§ **INPUT DATA**:
Start of Block

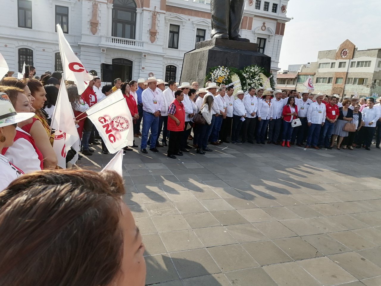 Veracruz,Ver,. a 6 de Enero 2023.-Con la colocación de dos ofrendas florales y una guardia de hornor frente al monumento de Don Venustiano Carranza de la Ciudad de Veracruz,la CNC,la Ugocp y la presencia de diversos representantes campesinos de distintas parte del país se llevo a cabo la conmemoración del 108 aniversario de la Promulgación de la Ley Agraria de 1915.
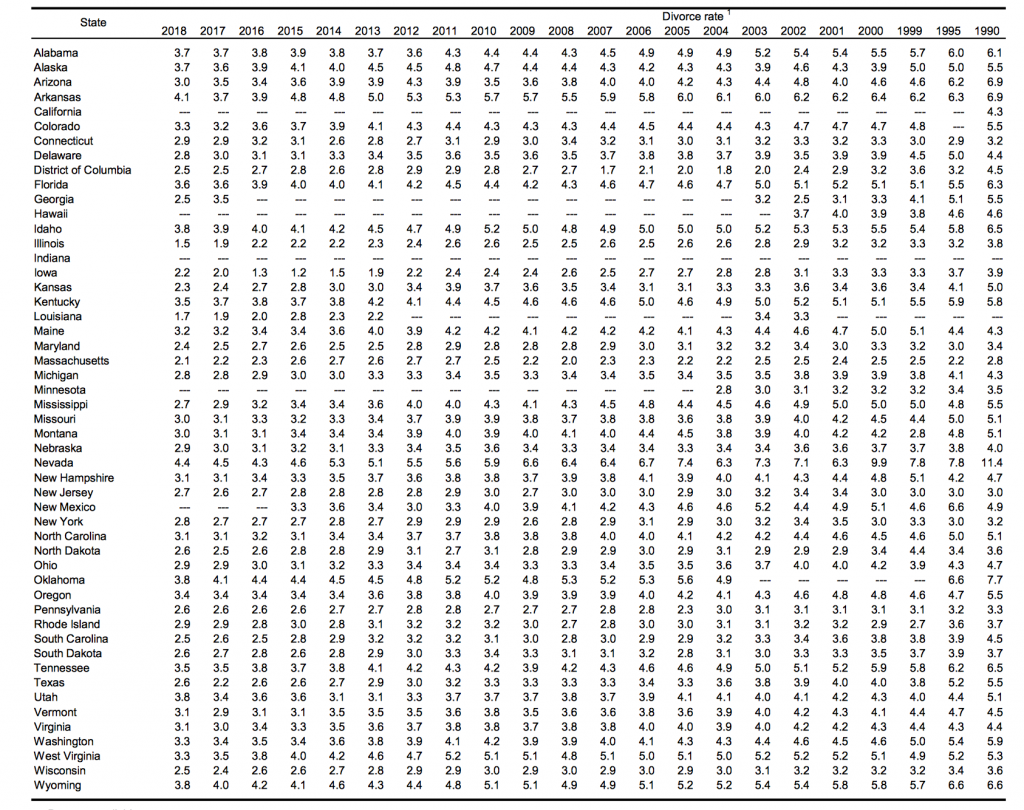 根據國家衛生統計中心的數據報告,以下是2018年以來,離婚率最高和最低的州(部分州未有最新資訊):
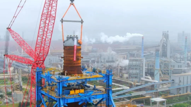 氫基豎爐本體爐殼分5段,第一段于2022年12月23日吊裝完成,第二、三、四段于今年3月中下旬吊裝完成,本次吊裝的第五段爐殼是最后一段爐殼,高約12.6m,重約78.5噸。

End of Block

§ **WHAT THE EXERCISE ASKS**:
Without reproducing any picture, repeat exactly the lines from the one containing "根據國家衛生統計中心的數據報" through the last line of the material above, both ends included.

§ **YOUR SOLUTION**:
 根據國家衛生統計中心的數據報告,以下是2018年以來,離婚率最高和最低的州(部分州未有最新資訊):
 氫基豎爐本體爐殼分5段,第一段于2022年12月23日吊裝完成,第二、三、四段于今年3月中下旬吊裝完成,本次吊裝的第五段爐殼是最后一段爐殼,高約12.6m,重約78.5噸。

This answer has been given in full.